## PROBLEM DESCRIPTION
The material below is to be copied exactly from the line with "結婚証明書は、その場で完成さ" up to and including the line with "采訪當(dāng)天,老人看", with nothing else kept and no pictures.

## DATA SHOWN

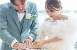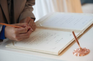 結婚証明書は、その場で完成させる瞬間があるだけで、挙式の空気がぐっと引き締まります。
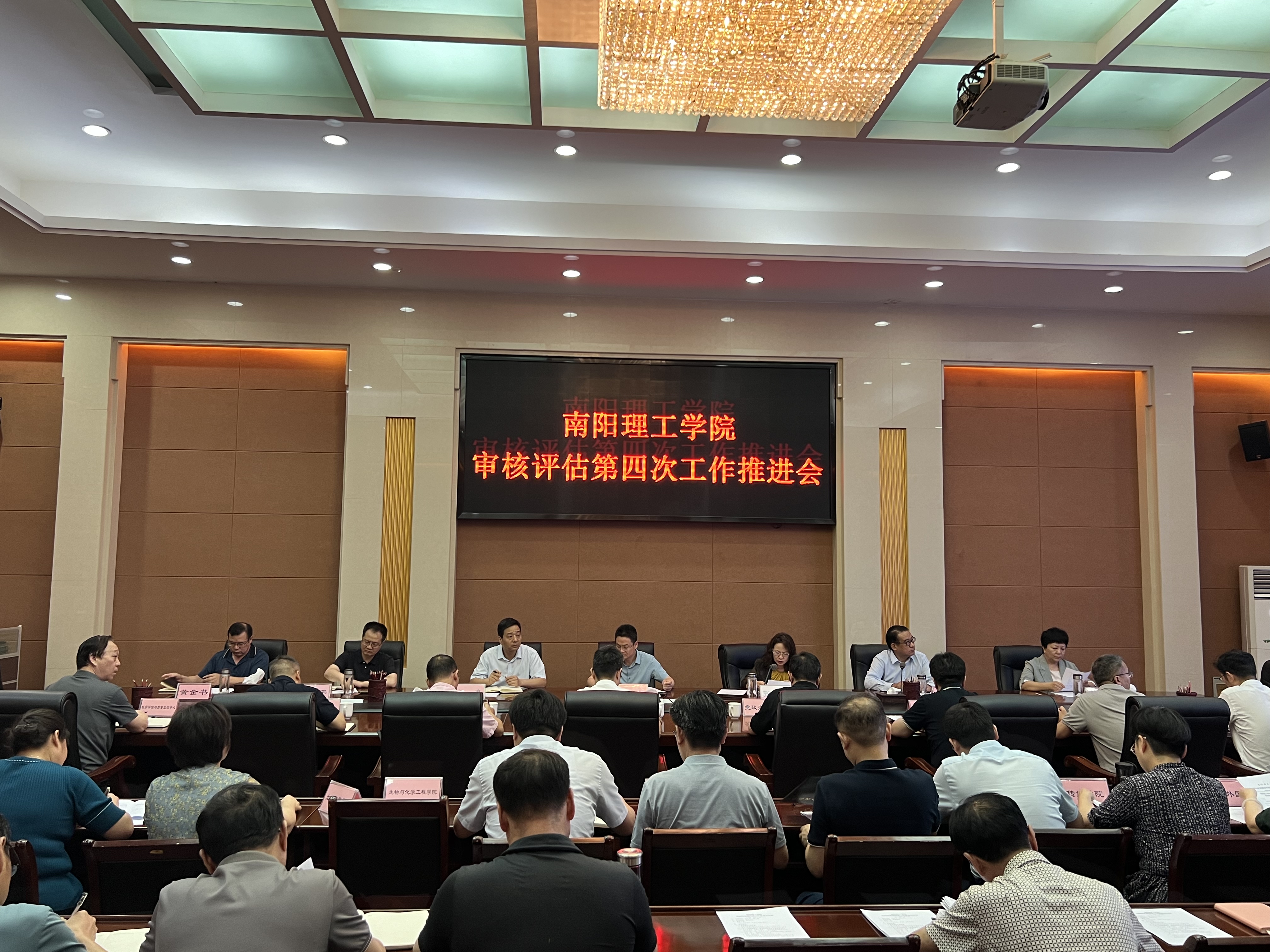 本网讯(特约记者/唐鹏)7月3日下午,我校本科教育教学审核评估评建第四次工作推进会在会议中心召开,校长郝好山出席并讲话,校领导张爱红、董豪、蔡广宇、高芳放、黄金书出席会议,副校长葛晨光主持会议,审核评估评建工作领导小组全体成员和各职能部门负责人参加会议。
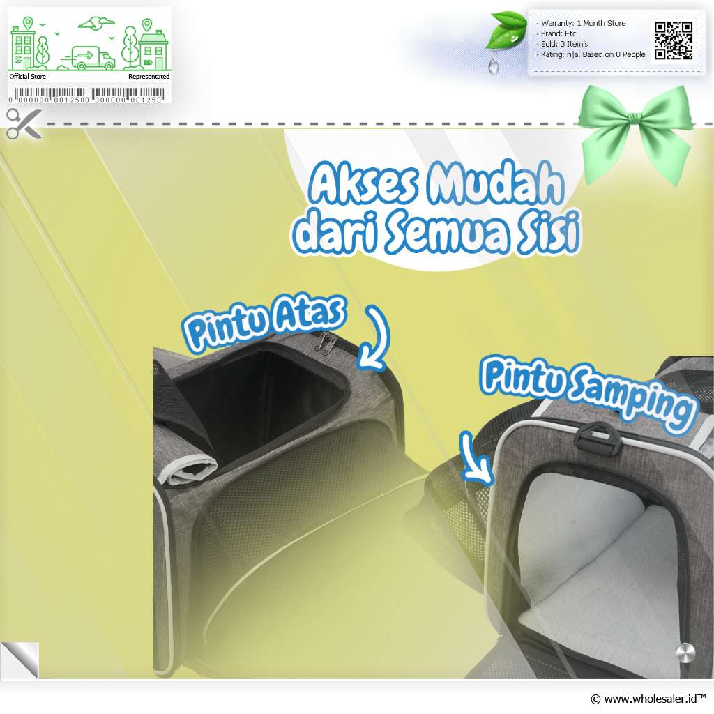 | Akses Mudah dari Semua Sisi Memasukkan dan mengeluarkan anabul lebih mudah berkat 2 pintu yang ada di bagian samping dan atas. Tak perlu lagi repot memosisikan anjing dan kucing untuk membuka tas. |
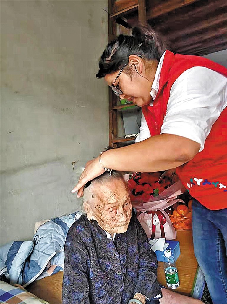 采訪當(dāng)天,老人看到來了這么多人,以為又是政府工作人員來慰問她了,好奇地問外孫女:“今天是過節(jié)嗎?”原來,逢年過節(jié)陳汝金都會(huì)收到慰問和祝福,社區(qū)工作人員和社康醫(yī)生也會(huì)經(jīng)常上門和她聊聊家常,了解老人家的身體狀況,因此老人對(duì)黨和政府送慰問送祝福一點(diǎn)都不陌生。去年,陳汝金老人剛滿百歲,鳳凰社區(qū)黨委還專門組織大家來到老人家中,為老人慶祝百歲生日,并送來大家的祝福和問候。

==

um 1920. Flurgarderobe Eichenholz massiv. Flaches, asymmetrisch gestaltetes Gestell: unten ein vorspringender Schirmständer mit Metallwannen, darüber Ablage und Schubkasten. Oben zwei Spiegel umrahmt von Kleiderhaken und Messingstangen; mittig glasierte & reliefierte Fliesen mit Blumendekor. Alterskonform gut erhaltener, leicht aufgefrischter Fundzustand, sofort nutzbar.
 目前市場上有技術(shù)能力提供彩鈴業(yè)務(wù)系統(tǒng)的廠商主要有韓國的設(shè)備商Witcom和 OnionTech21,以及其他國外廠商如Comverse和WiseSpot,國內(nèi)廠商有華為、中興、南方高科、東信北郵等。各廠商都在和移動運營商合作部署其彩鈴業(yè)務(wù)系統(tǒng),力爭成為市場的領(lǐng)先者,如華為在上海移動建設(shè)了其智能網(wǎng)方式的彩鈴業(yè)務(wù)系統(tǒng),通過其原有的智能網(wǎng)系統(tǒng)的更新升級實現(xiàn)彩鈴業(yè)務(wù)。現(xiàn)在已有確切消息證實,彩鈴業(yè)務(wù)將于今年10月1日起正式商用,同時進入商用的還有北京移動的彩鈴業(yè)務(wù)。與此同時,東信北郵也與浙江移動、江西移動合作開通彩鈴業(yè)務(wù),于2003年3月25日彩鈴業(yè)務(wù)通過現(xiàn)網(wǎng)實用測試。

* * *

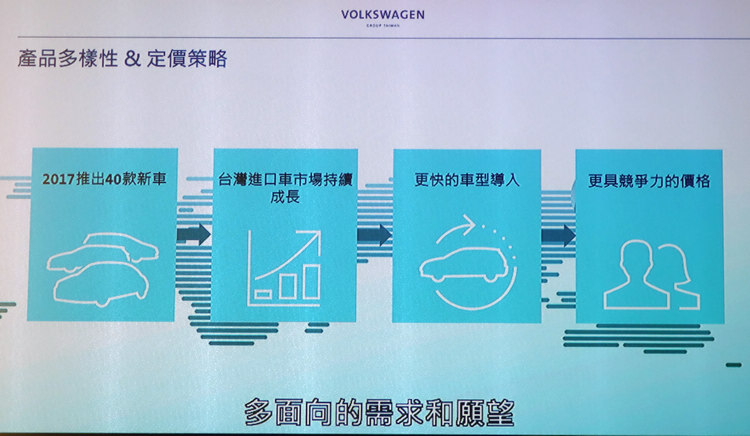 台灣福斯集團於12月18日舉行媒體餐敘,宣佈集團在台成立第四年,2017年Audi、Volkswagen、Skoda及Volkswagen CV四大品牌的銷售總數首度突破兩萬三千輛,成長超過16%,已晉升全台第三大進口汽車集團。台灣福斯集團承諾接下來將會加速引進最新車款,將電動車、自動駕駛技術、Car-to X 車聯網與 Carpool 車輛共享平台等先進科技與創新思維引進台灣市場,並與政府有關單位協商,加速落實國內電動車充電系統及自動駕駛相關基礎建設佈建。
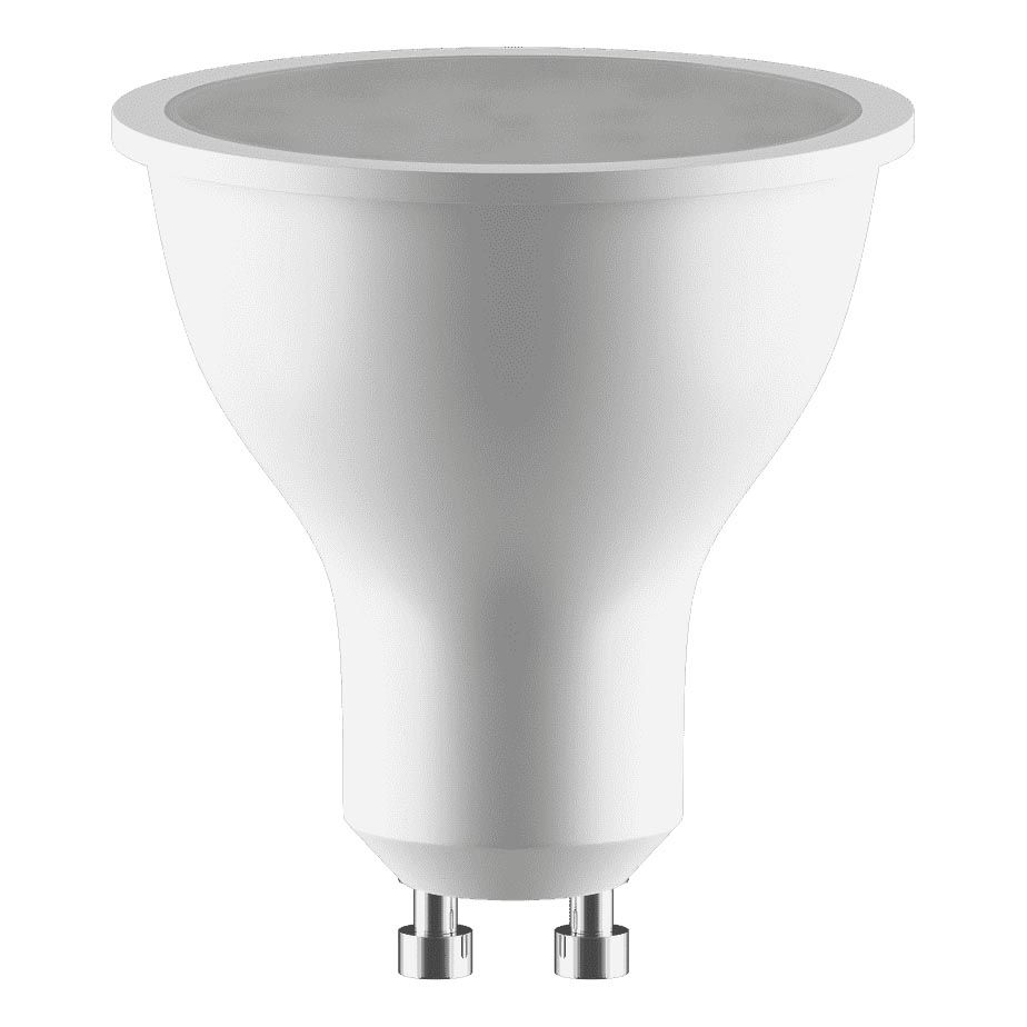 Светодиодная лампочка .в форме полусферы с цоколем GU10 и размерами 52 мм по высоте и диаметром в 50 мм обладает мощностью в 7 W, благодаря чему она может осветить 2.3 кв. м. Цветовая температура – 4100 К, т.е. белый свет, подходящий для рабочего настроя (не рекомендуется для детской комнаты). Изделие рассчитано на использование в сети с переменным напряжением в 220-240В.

## SOLUTION TO THE PROBLEM
 結婚証明書は、その場で完成させる瞬間があるだけで、挙式の空気がぐっと引き締まります。
 本网讯(特约记者/唐鹏)7月3日下午,我校本科教育教学审核评估评建第四次工作推进会在会议中心召开,校长郝好山出席并讲话,校领导张爱红、董豪、蔡广宇、高芳放、黄金书出席会议,副校长葛晨光主持会议,审核评估评建工作领导小组全体成员和各职能部门负责人参加会议。
 | Akses Mudah dari Semua Sisi Memasukkan dan mengeluarkan anabul lebih mudah berkat 2 pintu yang ada di bagian samping dan atas. Tak perlu lagi repot memosisikan anjing dan kucing untuk membuka tas. |
 采訪當(dāng)天,老人看到來了這么多人,以為又是政府工作人員來慰問她了,好奇地問外孫女:“今天是過節(jié)嗎?”原來,逢年過節(jié)陳汝金都會(huì)收到慰問和祝福,社區(qū)工作人員和社康醫(yī)生也會(huì)經(jīng)常上門和她聊聊家常,了解老人家的身體狀況,因此老人對(duì)黨和政府送慰問送祝福一點(diǎn)都不陌生。去年,陳汝金老人剛滿百歲,鳳凰社區(qū)黨委還專門組織大家來到老人家中,為老人慶祝百歲生日,并送來大家的祝福和問候。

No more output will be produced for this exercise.